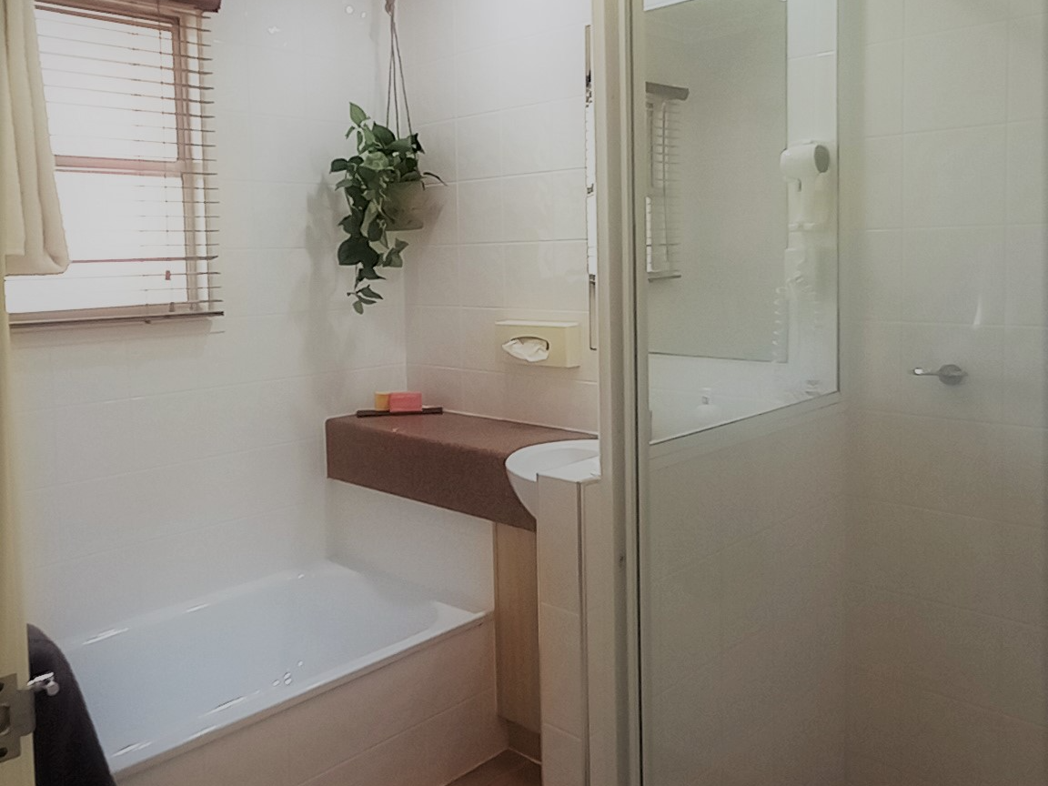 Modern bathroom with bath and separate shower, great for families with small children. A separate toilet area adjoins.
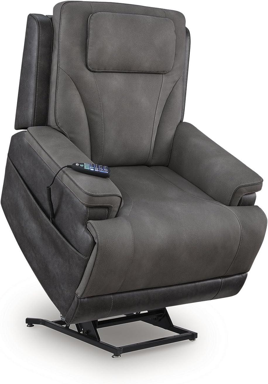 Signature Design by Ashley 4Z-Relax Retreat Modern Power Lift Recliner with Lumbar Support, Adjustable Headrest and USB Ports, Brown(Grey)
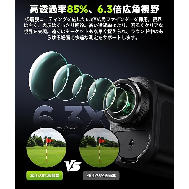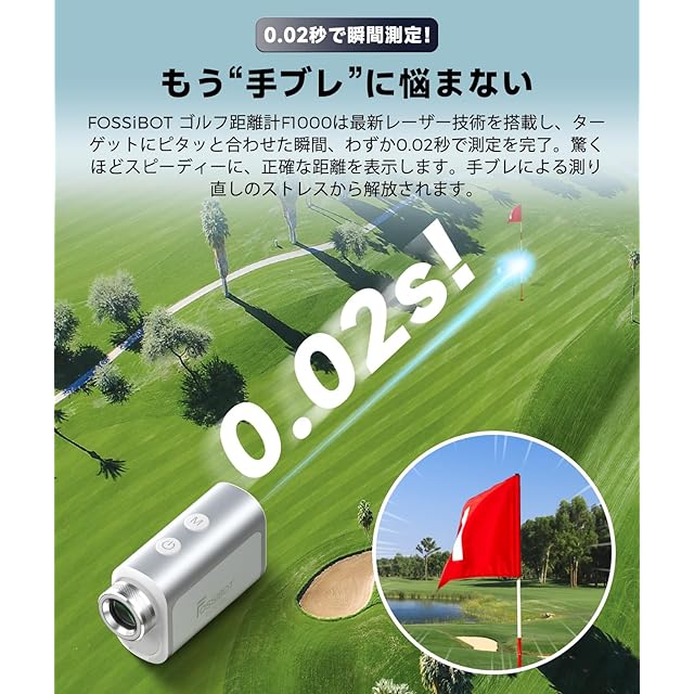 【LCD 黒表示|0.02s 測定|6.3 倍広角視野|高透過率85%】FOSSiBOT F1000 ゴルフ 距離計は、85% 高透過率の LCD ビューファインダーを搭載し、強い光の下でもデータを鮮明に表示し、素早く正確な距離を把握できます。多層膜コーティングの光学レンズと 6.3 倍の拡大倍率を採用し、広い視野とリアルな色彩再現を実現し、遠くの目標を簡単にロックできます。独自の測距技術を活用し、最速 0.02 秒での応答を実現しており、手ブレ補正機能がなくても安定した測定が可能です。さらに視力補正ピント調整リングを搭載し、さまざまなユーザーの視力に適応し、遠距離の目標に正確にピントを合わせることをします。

● Your goal
When you repeat the material, keep every word exact and drop the pictures.

● Exercise response
 Modern bathroom with bath and separate shower, great for families with small children. A separate toilet area adjoins.
 Signature Design by Ashley 4Z-Relax Retreat Modern Power Lift Recliner with Lumbar Support, Adjustable Headrest and USB Ports, Brown(Grey)
 【LCD 黒表示|0.02s 測定|6.3 倍広角視野|高透過率85%】FOSSiBOT F1000 ゴルフ 距離計は、85% 高透過率の LCD ビューファインダーを搭載し、強い光の下でもデータを鮮明に表示し、素早く正確な距離を把握できます。多層膜コーティングの光学レンズと 6.3 倍の拡大倍率を採用し、広い視野とリアルな色彩再現を実現し、遠くの目標を簡単にロックできます。独自の測距技術を活用し、最速 0.02 秒での応答を実現しており、手ブレ補正機能がなくても安定した測定が可能です。さらに視力補正ピント調整リングを搭載し、さまざまなユーザーの視力に適応し、遠距離の目標に正確にピントを合わせることをします。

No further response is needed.